Southeastern Section - 58th Annual Meeting (12-13 March 2009)

Paper No. 2
Presentation Time: 1:50 PM

EFFECTS OF PALEOGENE CLIMATE CHANGE ON DIVERSITY, GEOGRAPHIC RANGE AND BODY SIZE IN VENERICARD BIVALVES ALONG THE U.S. GULF COASTAL PLAIN


OHMAN, Karin A.1, LOCKWOOD, Rowan2 and MCCLURE, Kate J.1, (1)Department of Geology, College of William and Mary, P.O. Box 8795, Williamsburg, VA 23187-8795, (2)Department of Geology, College of William and Mary, P.O. Box 8795, Williamsburg, VA 23187, kaohma@wm.edu

This research examines the response of the bivalve genus Venericardia to dramatic climate change during the Paleogene, as recorded in Gulf Coastal Plain deposits. Evaluating the link between climate and evolutionary change in the fossil record offers a deep time perspective on biotic response to climate variation and may provide a basis for predicting the effects of modern climate change.

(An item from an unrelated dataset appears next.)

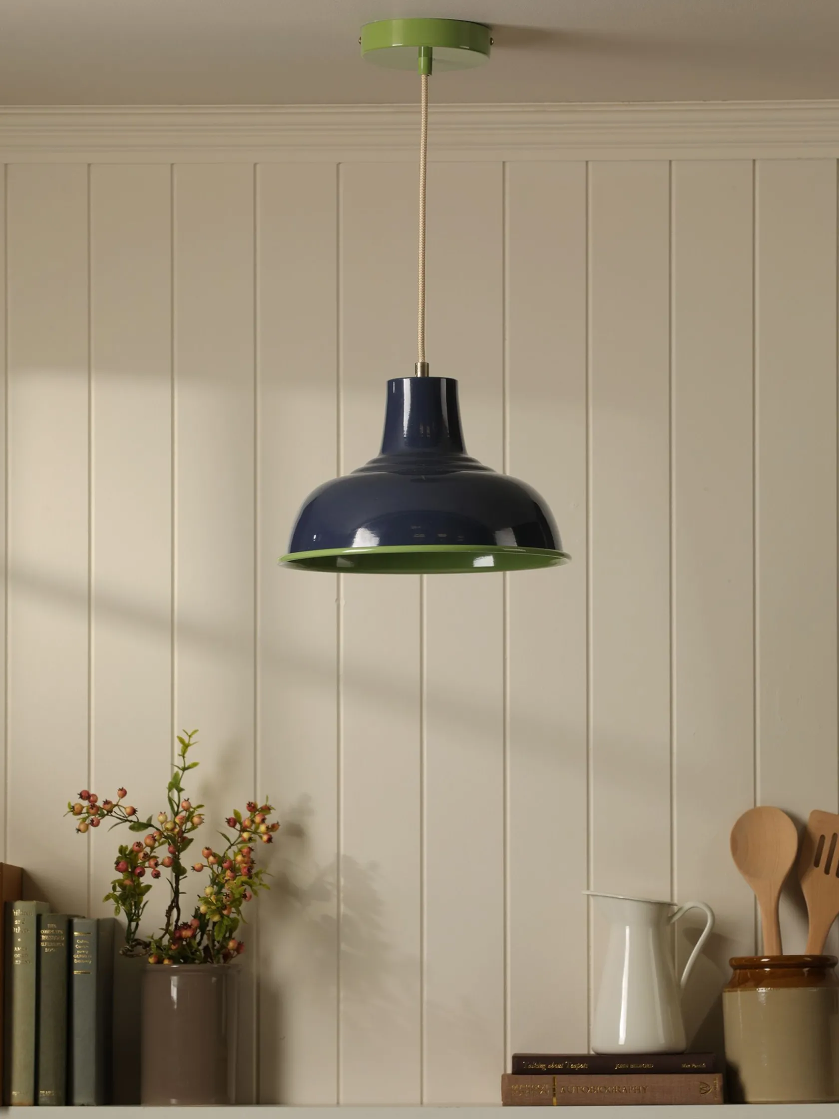 Best Joules Hatfield Navy & Green Industrial-Style Pendant Light Navy&Green

For this study, we compiled data on three aspects of venericard diversity and distribution during the Paleogene of the Gulf Coastal Plain: taxonomic diversity, geographic range, and body size. For the diversity and geographic range components of the study, global occurrence data were compiled at the species level from published monographs and the Paleobiology Database. Boundary-crosser methods were applied to stratigraphic range data to quantify species-level diversity. Occurrence data from the Gulf Coastal Plain were also assigned latitude and longitude coordinates and compiled within a GIS framework to examine whether geographic distribution shifted over time. For the body size component of the study, several hundred venericard specimens, representing 20 species from over 30 localities, were digitally photographed from museum collections. Photographs of right valves were taken in both interior and cross-sectional orientations and landmark data were collected for 13 landmarks using tpsDIG2. Body size for each specimen was calculated as the geometric mean of centroid size in each orientation, then body size was averaged across species and localities to quantify size trends through time. We then assessed the extent to which shifts in diversity, geographic distribution, and body size coincided with specific climate changes such as the Paleocene-Eocene Thermal Maximum.

Preliminary plots of change in centroid size over time appear to correlate with temperature changes during the Paleogene. The preliminary data document a statistically significant increase in overall body size with an increase in temperature, although larger sample sizes are needed to verify this result.